この記事では、画面が横方向にズレて見える「ティアリング」について、発生しやすい原因を優先順位の高い順に並べ、それぞれ何を確認すればよいかを診断形式で解説します。V-Syncの設定漏れから、G-SYNC・FreeSyncなどVRRの有効化状況、fpsがVRRの動作範囲に収まっているか、フレームレート上限の有無、ボーダーレスとフルスクリーンの違いまで、順番に切り分けていきます。
VRRやG-SYNC・FreeSyncの規格の違い、OLEDモニターのフリッカー対策といった詳しい仕組みや設定手順は、VRR・G-Sync・FreeSync・V-Sync 完全ガイドで扱っています。本記事はその内容を前提としたうえで、今すぐ何を確認すればティアリングが直るかだけに絞って手順を並べた診断記事です。
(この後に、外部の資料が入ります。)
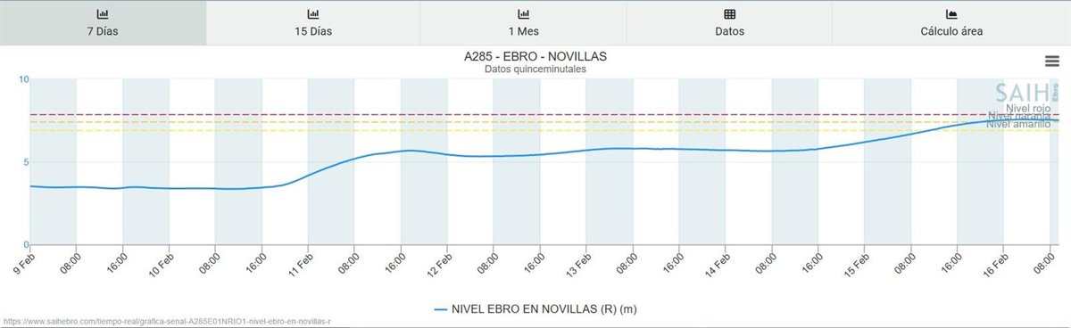 Gráfica del nivel del río Ebro a su paso por Novillas. - SAIH EBRO

出典:Microsoft Learn公式(Variable refresh rate displays)、NVIDIA公式(Control Panel Help/Variable Refresh Rate)、NVIDIA公式(G-SYNC Compatible Validation)、AMD公式(FreeSync Technology)、Blur Busters(G-SYNC 101、業界で広く参照される技術検証記事)。2026年9月2日確認。
目次
先に結論ティアリングの大半はV-SyncとVRRの設定確認で直る
1. ゲーム内とドライバー(NVIDIA App/AMD Software)の両方でV-Syncがオンになっているか。2. G-SYNCまたはFreeSyncが有効化されているか、モニターのOSD設定もあわせて確認する。3. fpsがモニターのVRR動作範囲(最小Hz〜最大Hz)に収まっているか。この3点をひとつずつ確認するだけで直るケースが大半です。それぞれの確認方法は次の項目から順番に解説します。
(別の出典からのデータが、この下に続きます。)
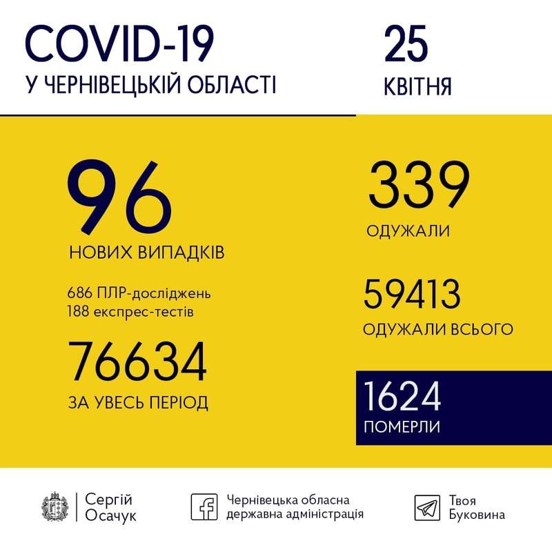25 квітня на Буковині виявили 96 нових випадків коронавірусу.

診断まず症状を確認する、ティアリングと別の症状を見分ける
原因の確認に入る前に、いま起きている症状が本当にティアリングかどうかを確かめてください。画面のズレ方によっては、別の記事で扱っている症状の可能性があります。
| 症状 | 見分け方 | 詳しくはこちら |
|---|---|---|
| 横方向に画面がズレる、裂けて見える | 動きの速いシーンで顕著。静止画のスクリーンショットに写ることもある | 本記事で診断(ティアリング) |
| 動くものの後ろに尾を引くように見える | 明暗差が大きい部分の輪郭がぼやける。静止画には出ない | 残像・ゴースト現象の原因と対処法 |
| 画面が一瞬真っ暗になる | 一瞬だけ画面全体が暗転し、すぐに映像が戻る | モニターが一瞬暗くなる原因と直し方 |
ティアリングとよく混同される症状に、スタッター(カクつき)があります。ティアリングは静止画のスクリーンショットでも視認できる横方向のズレであるのに対し、スタッターはフレーム間隔が不均一になることで生じる、動きの粒度が粗くカクッと止まる体感で、静止画には現れません。以下の原因は横方向のズレであるティアリングを対象にしています。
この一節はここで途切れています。